More Expressive Attention with Negative Weights
Ang Lv, Ruobing Xie, Shuaipeng Li, Jiayi Liao, Xingwu Sun, Zhanhui Kang, Di Wang, Rui Yan
TL;DR
Cog Attention removes the traditional non-negativity constraint on attention weights by using SignExp-based normalization, enabling negative weights derived from dynamic query–key inner products $p_i = q_i k^T$. This shift allows deletion, copying, and refinement within a single head, improving expressiveness and mitigating over-squashing that leads to representational collapse. Empirically, decoder-only language models (e.g., Cogformer at 141M and larger scales) and image-generation diffusion models (U-ViT → U-ViC) show improved performance and generation fidelity, while preserving training stability through selective use of softmax in early and/or late layers.

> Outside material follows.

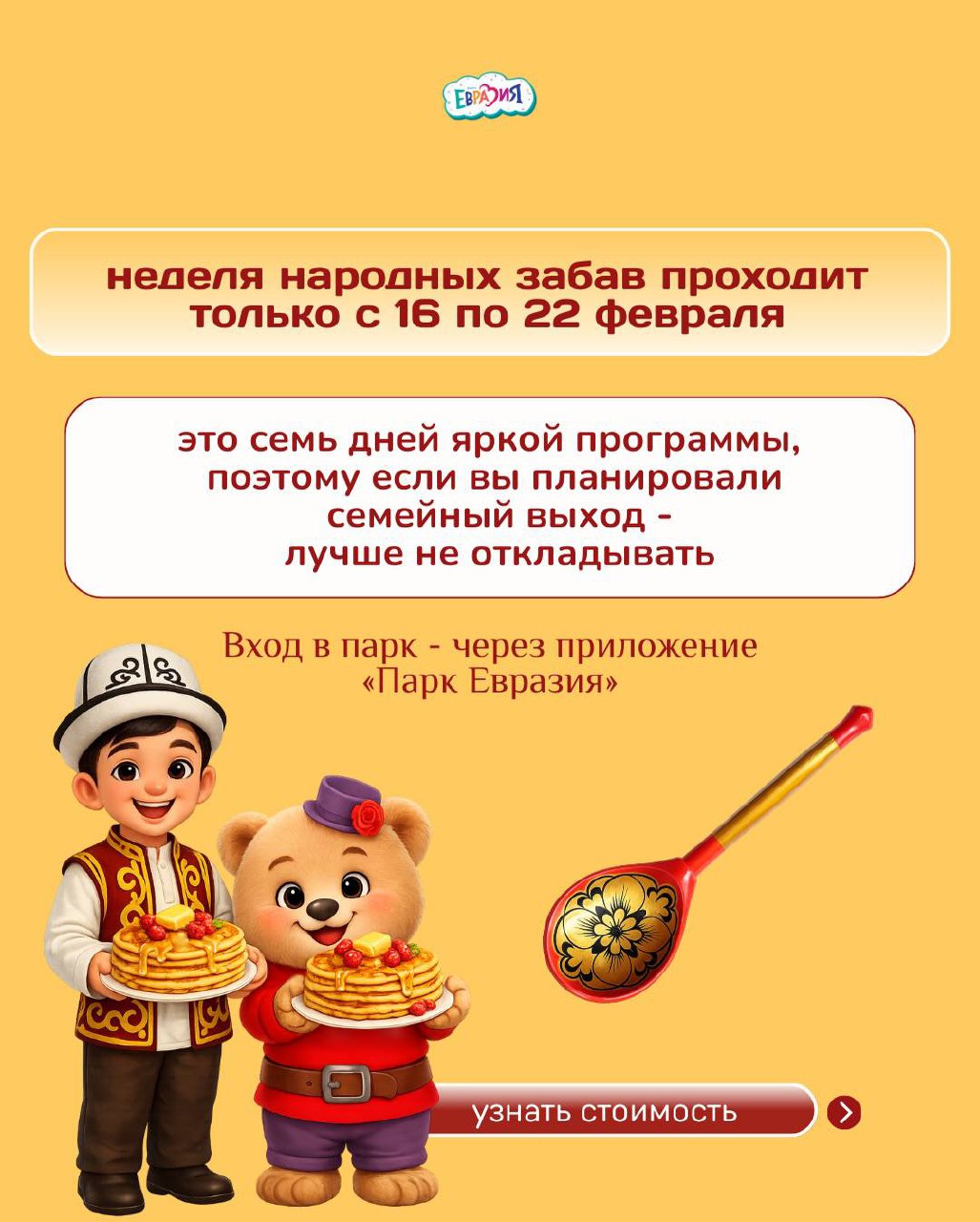 👋 Дорогие друзья, по всему Кыргызстану пройдут яркие народные масленичные гуляния! Организаторы приглашают всех на веселый праздник проводов зимы!
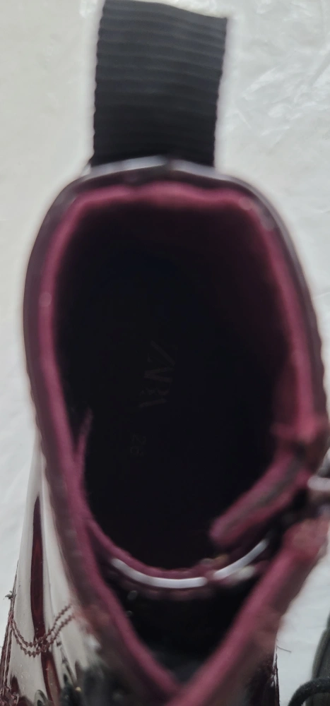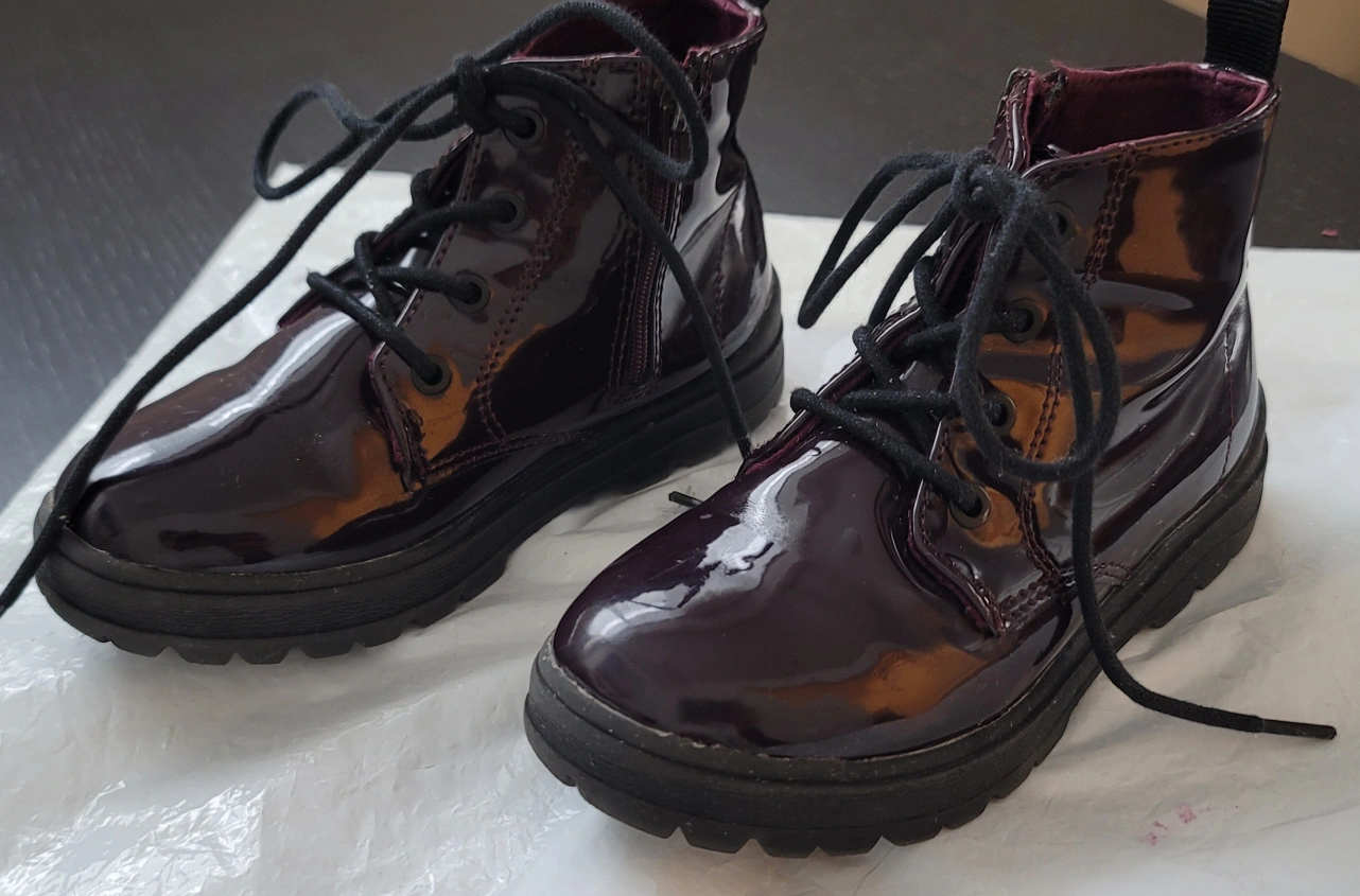 Adorable burgundy patent leather boots. Lace-up style with side zipper. Size 26. Great for fall and winter.

Together, these results suggest a promising direction for relaxing non-negativity constraints in attention, with potential impact on large-scale language and vision models.
Abstract
We propose a novel attention mechanism, named Cog Attention, that enables attention weights to be negative for enhanced expressiveness, which stems from two key factors: (1) Cog Attention enhances parameter flexibility. For example, unlike traditional softmax attention heads that use a static output-value (OV) matrix to delete or copy inputs that the heads attend to, Cog Attention naturally learns to use the sign of dynamic query-key (QK) inner products to represent these operations. This enables Cog Attention to perform multiple operations simultaneously within a single head. Meanwhile, Cog Attention's OV matrix can focus more on refinement or modification. (2) Cog Attention enhances the model's robustness against representational collapse by preventing the ``over-squashing'' of earlier tokens into later positions. We develop Transformer-like models which use Cog Attention as attention modules, including decoder-only models at various scales for language modeling and U-ViT diffusion models for image generation. Experiments show that models using Cog Attention exhibit superior performance compared to those employing traditional softmax attention modules. Our approach suggests a promising research direction for rethinking and breaking the entrenched constraints of traditional softmax attention, such as the requirement for non-negative weights.